=== Recorded data ===
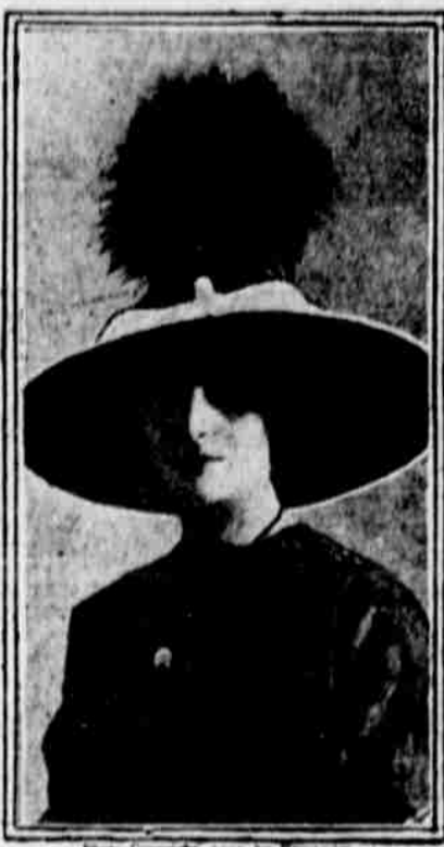
Black hemp straw piped and trimmed with white silk. Colored aigrettes.—Maison Carre.
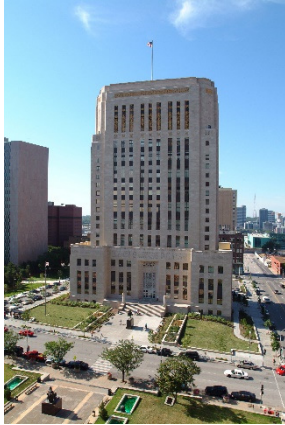
Jackson County Courthouse located in downtown Kansas City, MO.

Modern-day Jackson County was the site of the first military outpost in the Louisiana Territory. Fort Osage, which was built in 1808 under the direction of General William Clark, co-commander of the Lewis and Clark expedition.
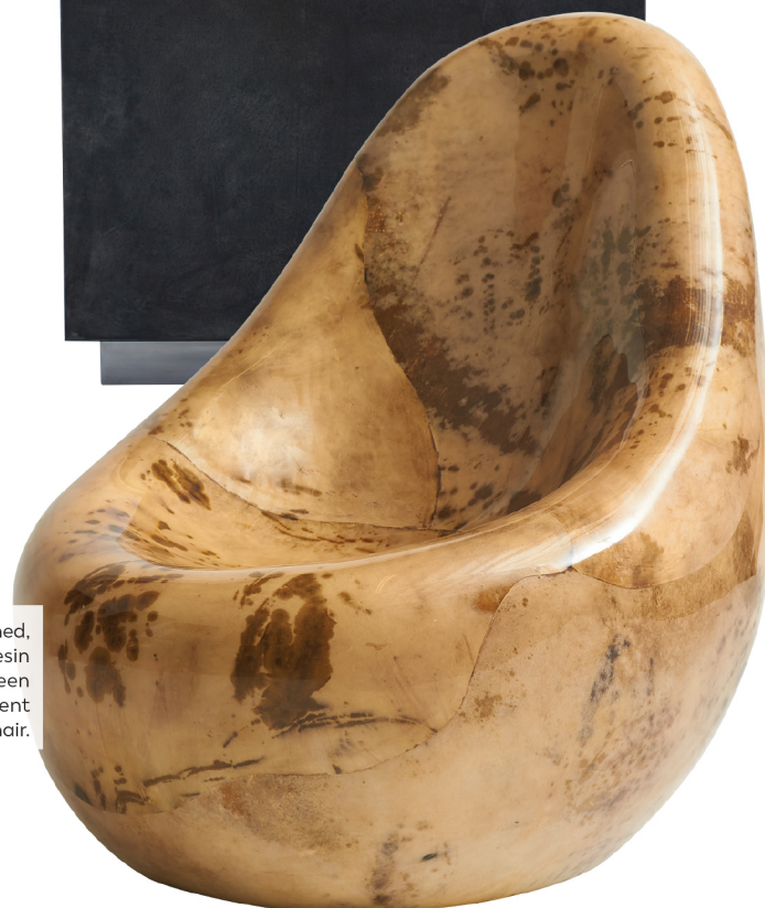
A handpolished, high-gloss resin topcoat adds sheen to the Parchment Egg chair.

=== Your objective ===
Output the full material above exactly, leaving every picture out.

=== Response area ===
Black hemp straw piped and trimmed with white silk. Colored aigrettes.—Maison Carre.
Jackson County Courthouse located in downtown Kansas City, MO.

Modern-day Jackson County was the site of the first military outpost in the Louisiana Territory. Fort Osage, which was built in 1808 under the direction of General William Clark, co-commander of the Lewis and Clark expedition.
A handpolished, high-gloss resin topcoat adds sheen to the Parchment Egg chair.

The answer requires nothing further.